I'm currently reading Vector Calculus, Linear Algebra, and Differential Forms (Hubbard and Hubbard) and have reached the definition of convergence (Chapter 1.5, Page 76 in my edition). Most of it makes sense, but I am confused by one element of it. Below is the definition.
Definition 1.5.8 (Convergent sequence). A sequence of points in $\mathbb{R}^n$ converges to $\boldsymbol{a} \in \mathbb{R}^n$ if for all $\epsilon > 0$ there exists $M$ such that when $m > M$, then $|\boldsymbol{a}_m-\boldsymbol{a}| < \epsilon$. We then call $\boldsymbol{a}$ the limit of the sequence.
My confusion is why one needs $M$, since all it is used for is to find a number larger than it.
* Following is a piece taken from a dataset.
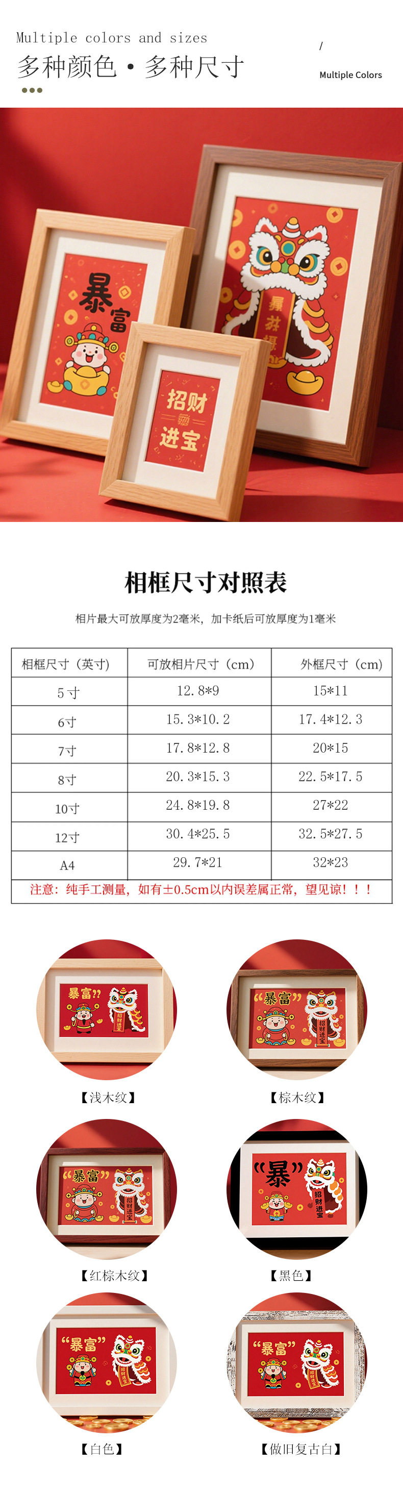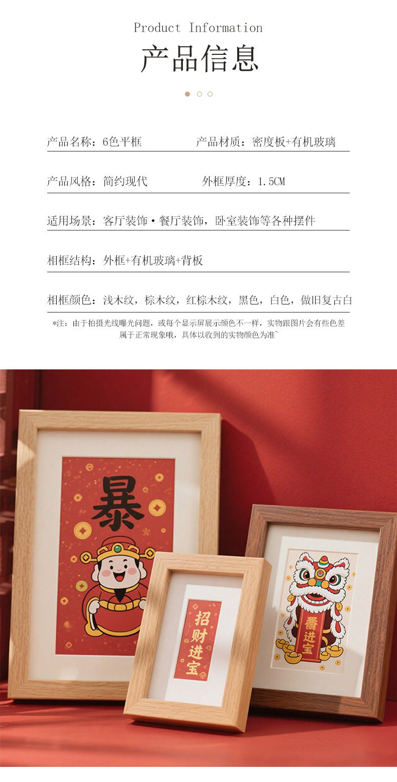 | Inner frame size | Single frame-flat frame wood color,Single frame-flat frame red brown pattern color,Single frame-flat frame black,Single frame-flat frame retro white,Single frame brown wood grain color,Single frame-flat frame white |

What is the difference between the above and the statement without the $M$: [It converges] if for all $\epsilon > 0$ there exists $m$ such that $|a_m-a| < \epsilon$?
The problem with your phrasing is that you just require there to be a single value of $m$ for which the sequence is within $\epsilon$ of $a$. That's easily satisfied by sequences that don't approach the limit appropriately - for example, consider the sequence $a_m = m$.
I claim that $a = \lim_{m \rightarrow \infty} a_m = 3$. For any $\epsilon > 0$, take $m = 3$. Clearly $|a_3 - a| = |3 - 3| = 0 < \epsilon$, so we're all good.
The idea of having $M$ in there is that you need to be able to say that for a given $\epsilon$, then all the terms $a_M, a_{M+1}, \ldots$ are within $\epsilon$ of $a$ - essentially, you can always find an $M$ such that after you cut off the first $M - 1$ terms you've only got numbers in that neighbourhood.